NDR Output: Conceptual Understanding

Hello InVEST users!

I have a couple of queries about how to interpret the outputs of the NDR model. I hope that someone can help shed light on either of the following.

  1. I’m using the NDR model to understand how effective riparian vegetative buffers are for nutrient retention in my local watershed. How can I determine exactly how much N ( in kg) the riparian buffers retain? I have a shapefile of all the riparian buffers in the watershed. I was hoping to use the shapefile to extract values from one of the output rasters. Is there an output raster or a combination of outputs that will tell me the amount of N retained by each pixel?

  2. What’s the practical difference between “load_n” and “modified_load_n”? I understand that the “modified_load_n” takes into account the amount of runoff transporting nutrients. But, I don’t understand why, for a given pixel, my “modified_load_n” value is greater than my “load_n” value. Is it because the modified load of a pixel is the accumulation of load from other pixels carried to that pixel by runoff?

Hi @atershy,

Thanks for your great questions about InVEST’s NDR model outputs.

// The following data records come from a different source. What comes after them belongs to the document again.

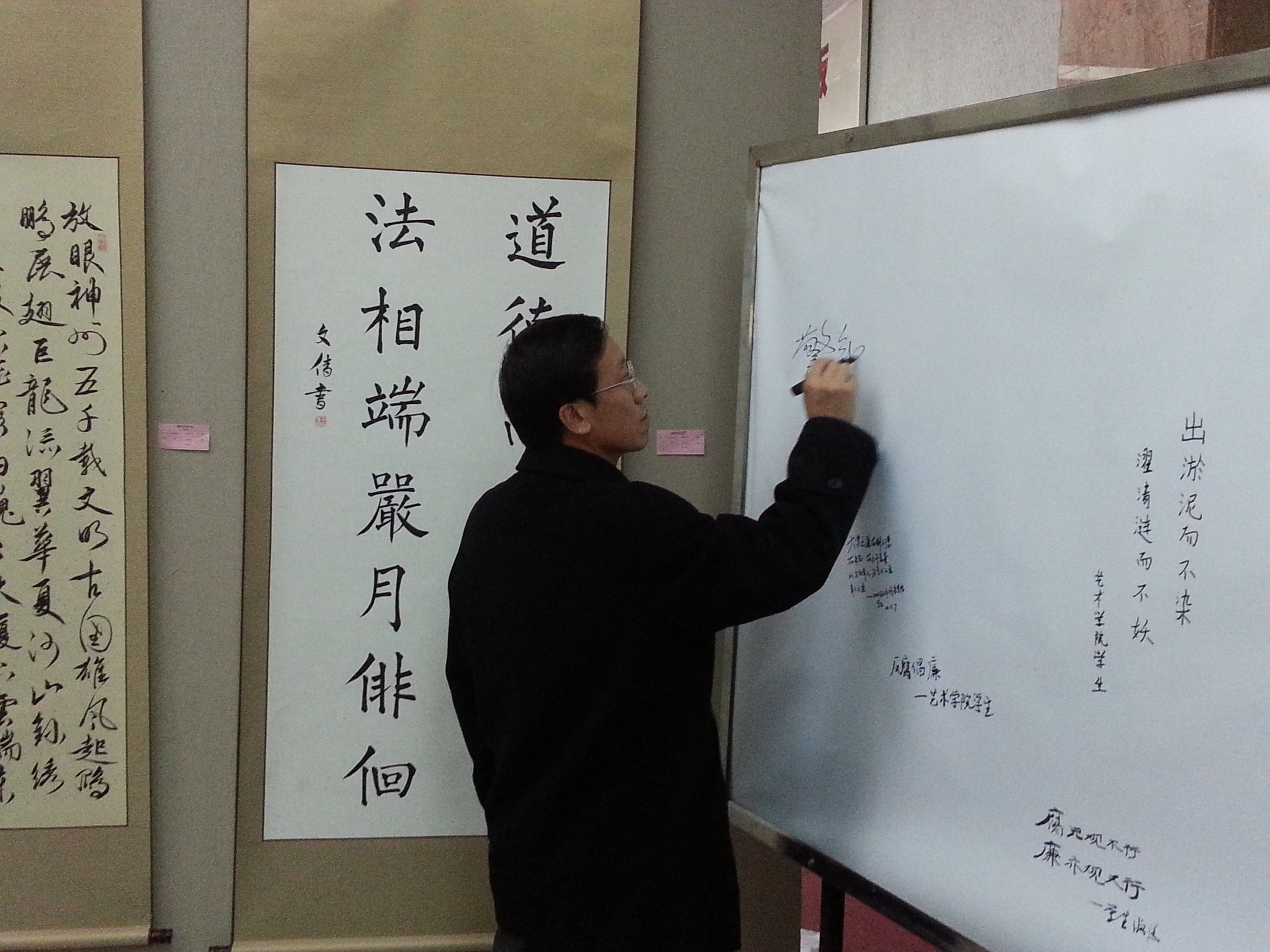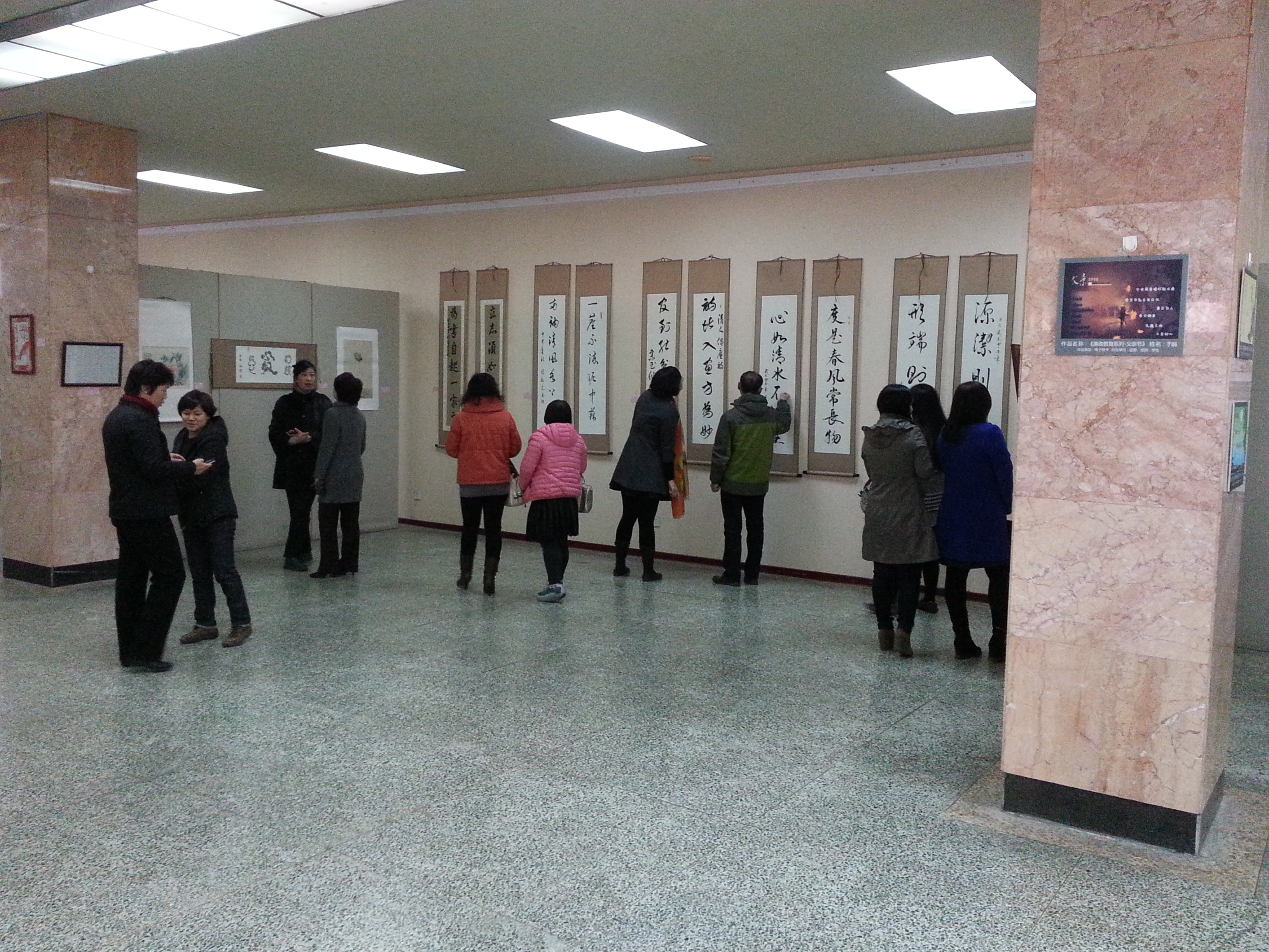 为深入贯彻落实党的十八大精神,充分发挥廉政文化的导向、规范和约束作用,弘扬和倡导自律、公正和廉洁精神,营造以廉为荣、以贪为耻、廉洁自律的良好风尚,公司党委书记边铁、经理张贤明带领全公司党员干部20余人,于11月10日上午,来到中心校区逸夫图书馆,参观了公司廉政文化作品展。
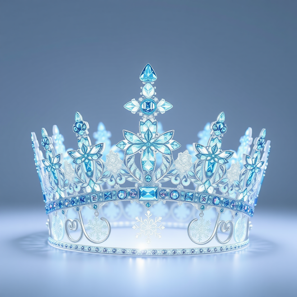A magical fairytale-inspired 3D princess crown, reminiscent of Disney's Frozen, designed with a touch of Philippe Starck's avant-garde flair, shimmering with sparkling crystals and a luminescent glow, featuring intricate frost patterns and delicate snowflake motifs, evoking a sense of enchantment and regal elegance, with a soft blue and silver color palette that glistens in the light.
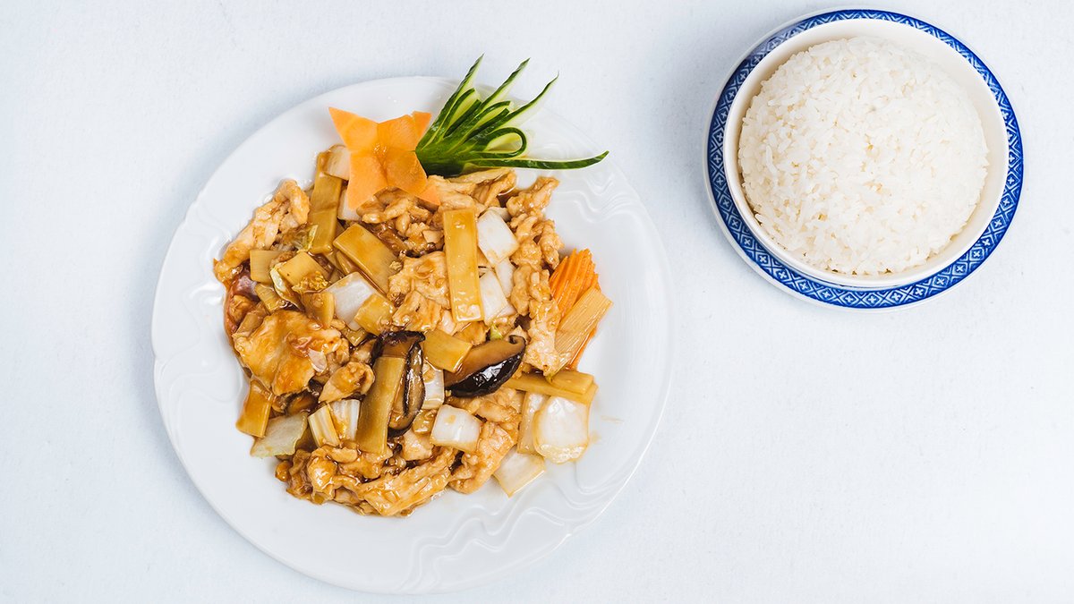 M23. Kuře s bambusem a houbami s rýži

  1. Please do bear in mind that unless you have compared, calibrated, and validated the quantitative results against empirical data from your study area, we strongly discourage placing high confidence in the absolute values of the NDR model outputs and instead only recommend interpreting results as relative across space (comparing pixels values to one another). This will give you an understanding of where export, retention, etc. is higher and lower across the landscape. This is explained in the InVEST User Guide, here.
    That disclaimer aside, to get at the potential supply of nitrogen retention services provided by vegetation, use the “modified_load_n” raster result MINUS “n_export.tif”. That will give you annual nitrogen retention on each pixel in kg.

  2. Modified load’ will be higher than ‘load’ for any pixel that has a higher nutrient runoff proxy (potential) than the average runoff proxy of all the pixels in the raster. This is explained in the User Guide’s section on Nutrient Loads.

I hope you find his information useful. Please let us know if you have more questions or would like further clarification.



Hi @jesseG ,

Thank you very much for the explanations! I am in the process of calibrating and validating the model results with local empirical data. I will make sure to do so before interpreting any absolute values of N retention.